/fl_example

Primary LanguagePython

Use the DTU hpc center

  • log in ssh user_name@login1.gbar.dtu.dk

  • go to interactive node

    • linuxsh node without gpu
    • sxm2sh node with gpu
    • nvidia-smi check the existing gpus
  • Load the necessary packages, e.g.,

    module load scipy/1.10.1-python-3.9.17 matplotlib/3.7.1-numpy-1.24.3-python-3.9.17
    

    Note you may need to load other packages based on your own requirements, please check available packages via module avail ...

  • In the interactive node, create virtual env (only run the code below once!)

    python3 -m venv torch_dl
    source torch_dl/bin/activate
    python -m pip install torch torchvision
    

    Note, again, you may need to install other required packages in this virtual env, e.g., seaborn... via python -m pip install ....
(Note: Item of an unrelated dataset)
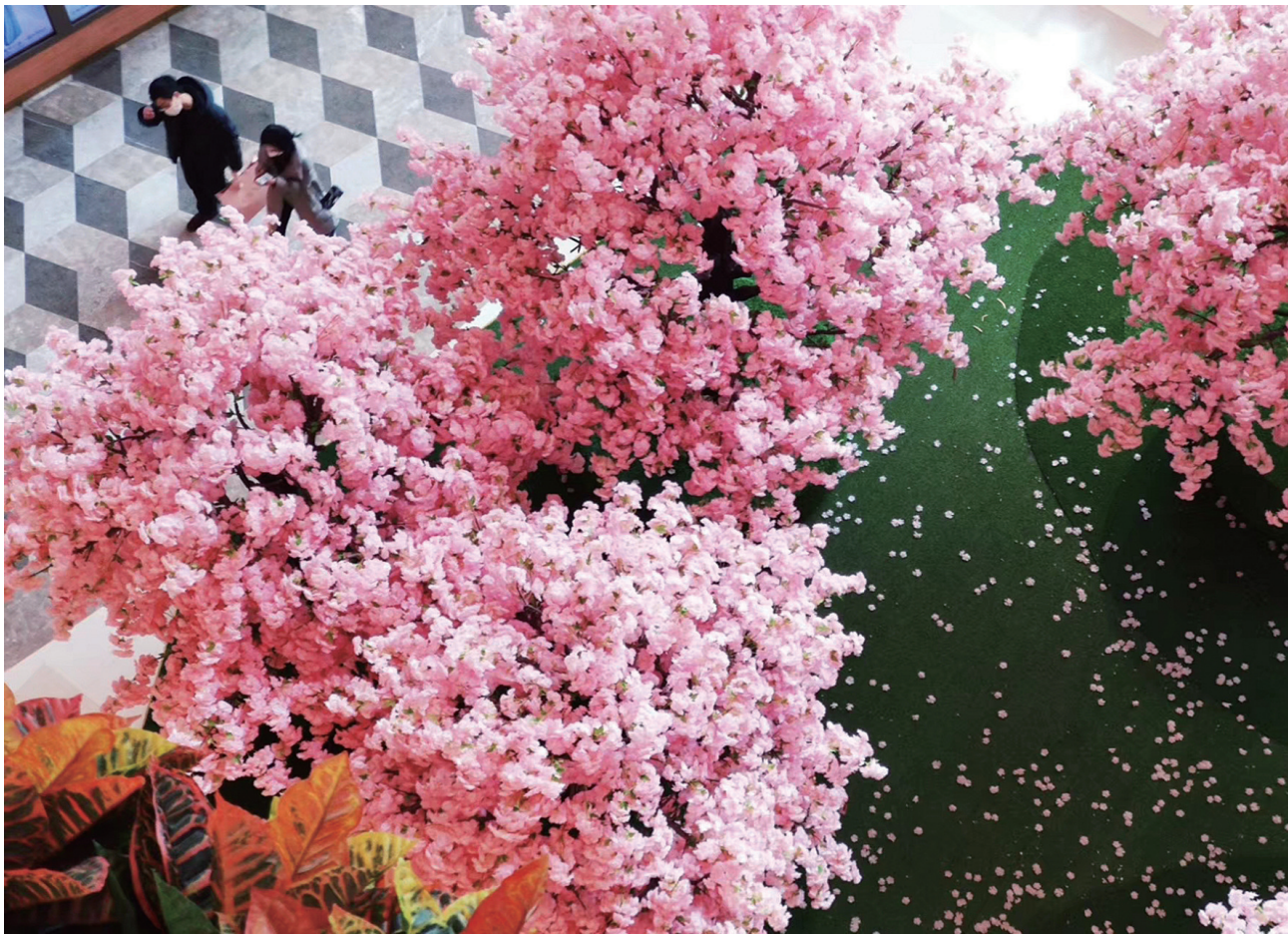
商场里的景致很不错。

  • After this, check if you can get the output below:

  • Run the cifar10 experiment (this is just an example, you need to change some hyperparameters, i.e., number of rounds, number of clients, gpu index

    ./run_cifar.sh
    
    • If you get a segmentation fault in an interactive node, check if you are using the correct GPU, i.e., do nvidia-smi, see which gpu is available, assign export CUDA_VISIBLE_DEVICES=?. I also had a segmentation fault once as I was using a too-large batch size. Reducing the batch size solved the problem. Of course, other things may also cause this fault.
    • If you submit a job script and only require a single gpu, then the gpu index should be 0.
  • If you want to submit the job, do bsub < submit_job.sh